Conclusion
RSV inhibited LPS-induced RMCs' proliferation and inflammation and FN expression by SphK1/S1P2/NF-κB pathway, suggesting that RSV may be independent of its hypoglycemic effect on preventing or delaying the development of mesangial cell fibrosis.
Methods
Cell proliferation was tested by 3-(4, 5-dimethylthiazol-2-yl)-2, 5- diphenyltetrazolium bromide (MTT). The protein levels of FN, ICAM-1, iNOS, SphK1, S1P2 and NF-κB p65 in RMCs were detected by Western blot. The DNA-binding activity of NF-κB was detected by electrophoretic mobility shift assay (EMSA).
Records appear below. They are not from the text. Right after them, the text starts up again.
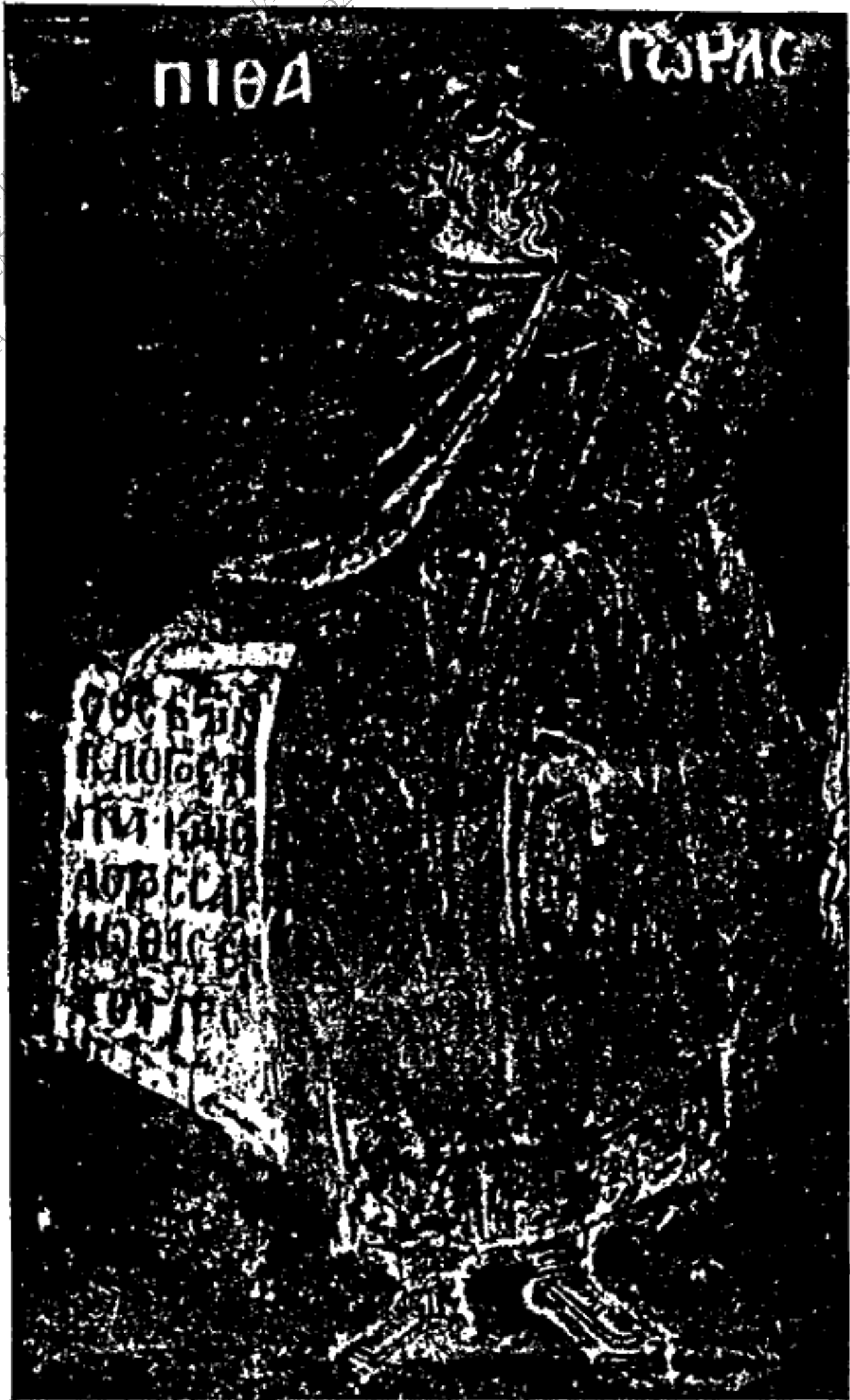
Εικ. 2. - Πυθαγόρας.

ΠΑΝΕΠΙΣΤΗΜ ΤΟΜΕΑΣ ΕΡΓΑΣΤΗΡΙΟ ΕΡΕΥΝΩΝ ΔΙΕΥΘΥΝΤΗΣ: ΕΠ. ΚΑ
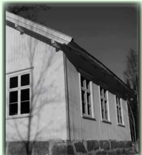
Det gamle skolehuset på Heimdal

Heimdalsknuten Hügel (429m. ü.m) ist einer der schönsten Aussichtspunkte in Landkreis Birkenes. Die Spitze ist riesig nut dicken und flachen Steinen. Man kann die ganze Küstenlinie von Kristiansand bis Arendal sehen. Die Route fängt vom Parkplatz an Heimdal an. Zuerst muss man der Strasse mit Splitterdecke folgen und weiter auf einem Pfad wandern. Wenn man zurückkommt, kann man wählen „See Knutetjønn“ zu passieren. Abstand 5km total. Auf Heimdal ist das alte Schulhaus wert zu sehen. Anfangspunkt: Man muss nördlich von Birkeland gegen Evje fahren. Nach 16km, muss man nach „Lunden“ links abbiegen. Die Strasse 3km folgen bis zum Parkplatz auf Heimdal.
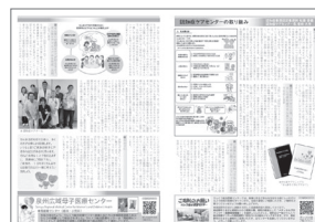
[p.2] 認知症ケアセンターの取り組み
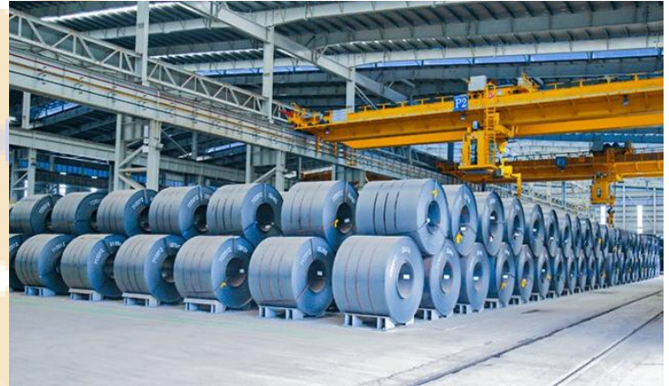
Ảnh: Minh họa

Tích cực. Biện pháp áp thuế giúp bảo vệ ngành thép trong nước trước áp lực cạnh tranh từ hàng nhập khẩu lẩn tránh. Tác động tích cực mạnh cho Hòa Phát (HOSE: HPG) và Formosa. Ngoài ra, các doanh nghiệp ống thép và tôn mạ với lượng hàng tồn kho cao như Hòa Sen (HOSE: HSG) và Nam Kim (HOSE: NKG) cũng có thể hưởng lợi trong ngắn hạn. Tuy nhiên, nhà đầu tư cần lưu ý rằng các doanh nghiệp này về trung-dài hạn sẽ gặp bất lợi bởi chi phí đầu vào gia tăng.
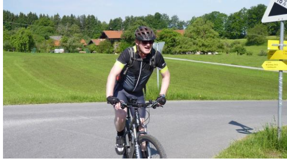
...die steile Auffahrt nach Steinkirchen
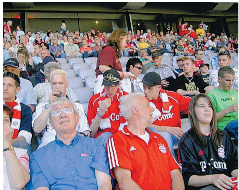
Live ist eben doch am besten: Mitglieder des Furschweiler Fanclubs sind regelmäßig in der Allianz-Arena dabei.
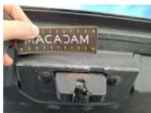
Joint de coffre/hayon, Dégrafé, Dépose/Répose
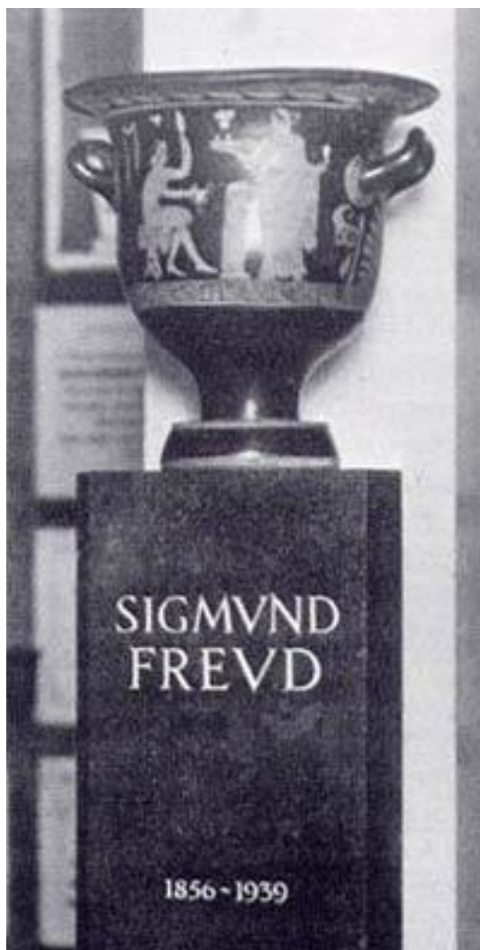
Урна с прахом З. Фрейда в Лондоне

В начале 20-х гг. судьба вновь подвергает Фрейда тяжелым испытаниям: у него развивается рак челюсти, вызванный пристрастием к сигарам. Тревожная социально-политическая обстановка порождает массовые беспорядки и волнения. Фрейд, оставаясь верен естественно-научной традиции, все чаще обращается к темам психологии масс, психологическому устройству религиозных и идеологических догматов. Продолжая исследовать бездны бессознательного, теперь он приходит к выводу, что два одинаково сильных начала управляют человеком: стремление к жизни (Эрос) и стремление к смерти (Танатос). Инстинкт разрушения, силы агрессии и насилия слишком явно проявляют себя вокруг, чтобы их не заметить.
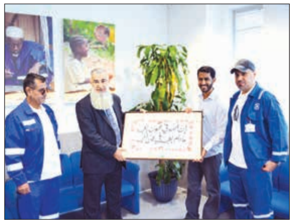
وقد من «نفط الكويت» سلم الشحنة
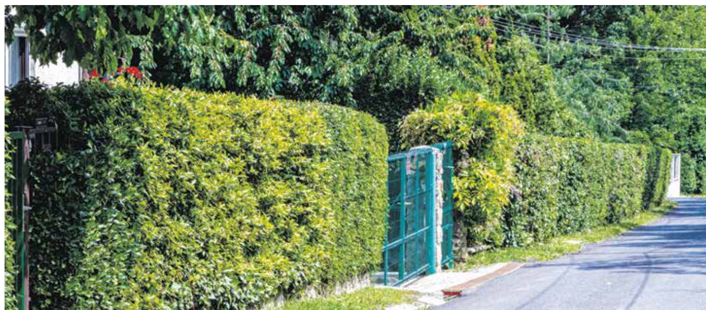
Ha a sövény homogén, akkor egy fertőzés könnyen továbbterjed benne. A szakemberek ezért azt javasolják, hogy aki teheti, mozaikos sövényt telepítsen.

A kiállítás az STKH weboldalon látható: stkh.hu/online-karikatura-kiallitas-2024
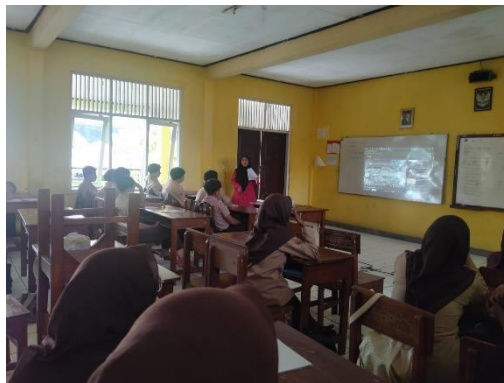
Gambar 5 Proses pembelajaran hari ke-2
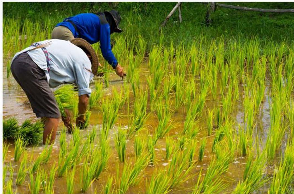
南方地区：以水田为主
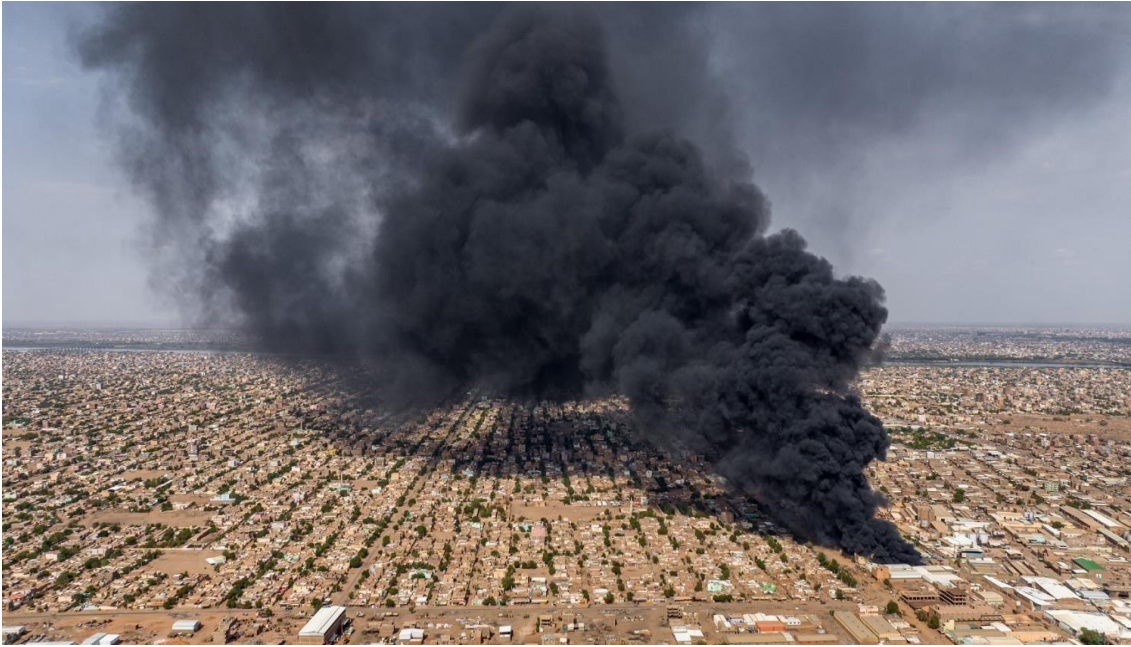
الشكل 3: لقطات من طائرة بدون طيار تظهر حريقا كبيرا في المنطقة الصناعية بأم درمان [24] , 2,461.32, 6753.15
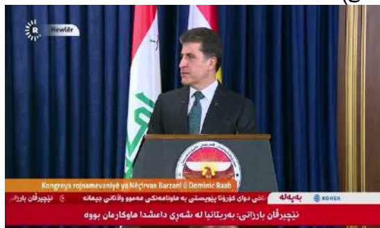
وینئ ژماره (8)

(دوماهییا دیدار و کۆمبونئ - کۆنفرانسا) (دوماهییا دیدار و کۆمبونئ - کۆنفرانسا روژنامەقانی)
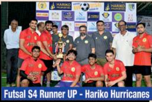
Futsal S4 Runner UP - Hariko Hurricanes
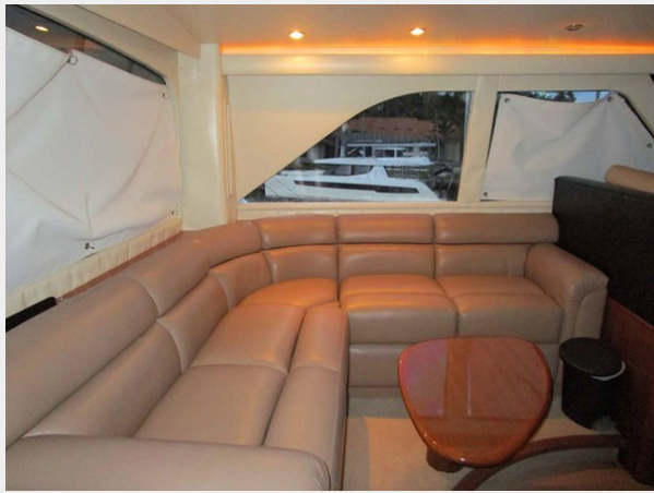
Enclosed Bridge Settee
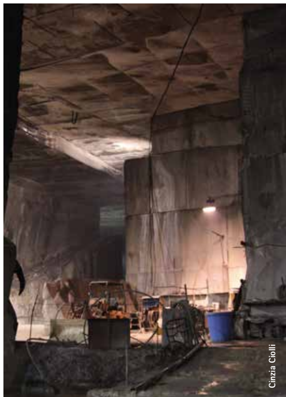
Le imponenti cave di marmo

Il mercurio si trova normalmente legato allo zolfo,
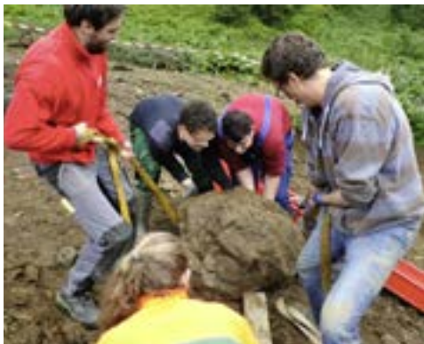
☒ Die Arbeit kann durchaus sehr schwer sein.

An einigen Tagen kann ich noch eine weitere „Arbeiterin“ im Naturfreundehaus bewundern, so alt und unglaublich fit und mit einer wunderbaren Sprache: genau-langsam-deutlich. Von ihr lerne ich, wie die Matratzenschonbezüge mit einer besonderen Staubsaugerbürste abzusaugen sind, wie richtig geputzt wird und mehr: Immer noch reist sie in das senegalesische Naturfreundehaus und hält uns abends einen Lichtbildervortrag über die Reise. Bücher hat sie auch da-

SphK1 activity and S1P content were measured by using sphingosine kinase activity assay kit and ELISA assay, respectively.
Purpose
Chronic inflammation plays a key role in the pathogenesis of various diseases such as diabetic nephropathy (DN). Resveratrol (RSV), a natural polyphenol, has been proven to have renoprotective effects. In this study, we used a lipopolysaccharide (LPS)-induced rat glomerular mesangial cells (RMCs) model, to elucidate the renoprotective effect of RSV on sphingosine kinase 1 (SphK1)/sphingosine 1-phosphate receptor 2 (S1P2)/NF-κB activation and the expression of downstream inflammatory mediators, such as intercellular adhesion molecule-1 (ICAM-1), inducible nitric oxide synthase (iNOS) and fibronectin (FN) protein expression in RMCs.
Results
We first found that LPS could stimulate SphK1/S1P axis activation, whereas this occurrence was significantly blocked by RSV pretreatment. RSV obviously repressed LPS-induced upregulated expression of fibronectin (FN), intercellular adhesion molecule-1 (ICAM-1) and inducible nitric oxide synthase (iNOS) in RMCs. Moreover, RSV markedly reduced SphK1 activity and its protein expression, and attenuated S1P content in LPS-induced RMCs. Furthermore, RSV could block LPS-induced upregulation of NF-κB p65 and DNA-binding activity of NF-κB. And this phenomenon was notably attenuated by SphK1 inhibitor and S1P2 inhibitor.